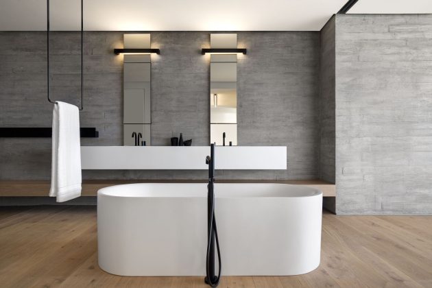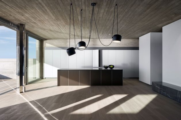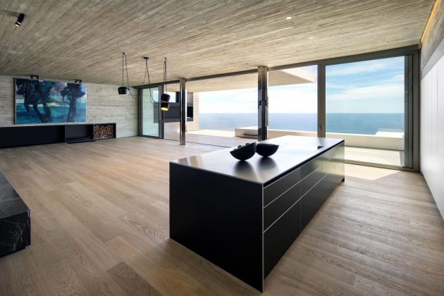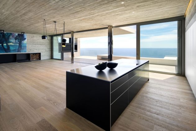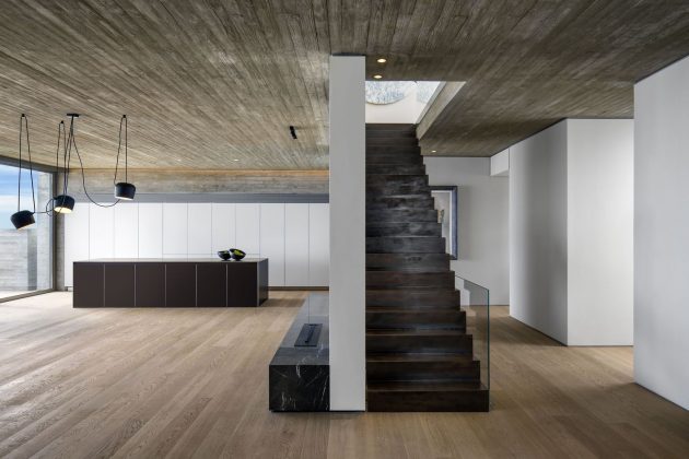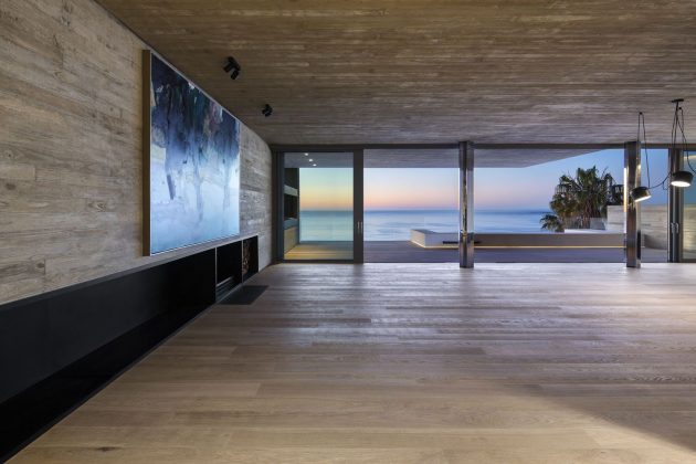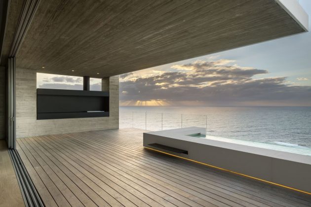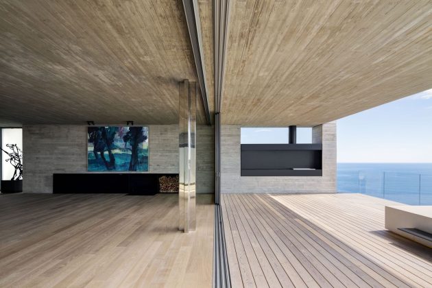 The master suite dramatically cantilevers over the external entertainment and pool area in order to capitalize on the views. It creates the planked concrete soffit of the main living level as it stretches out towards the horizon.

• • • •

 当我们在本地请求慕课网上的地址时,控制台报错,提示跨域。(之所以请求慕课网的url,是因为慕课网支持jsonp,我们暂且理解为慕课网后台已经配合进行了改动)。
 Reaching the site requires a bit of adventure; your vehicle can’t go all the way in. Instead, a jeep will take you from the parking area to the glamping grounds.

• • • •

_WHAT IS EXPECTED_
The lines above from the one with "当我们在本地请求慕课网上的地" through the one with "Reaching the site" are to be duplicated exactly, ends included, with nothing added.

_FINISHED EXERCISE_
 当我们在本地请求慕课网上的地址时,控制台报错,提示跨域。(之所以请求慕课网的url,是因为慕课网支持jsonp,我们暂且理解为慕课网后台已经配合进行了改动)。
 Reaching the site requires a bit of adventure; your vehicle can’t go all the way in. Instead, a jeep will take you from the parking area to the glamping grounds.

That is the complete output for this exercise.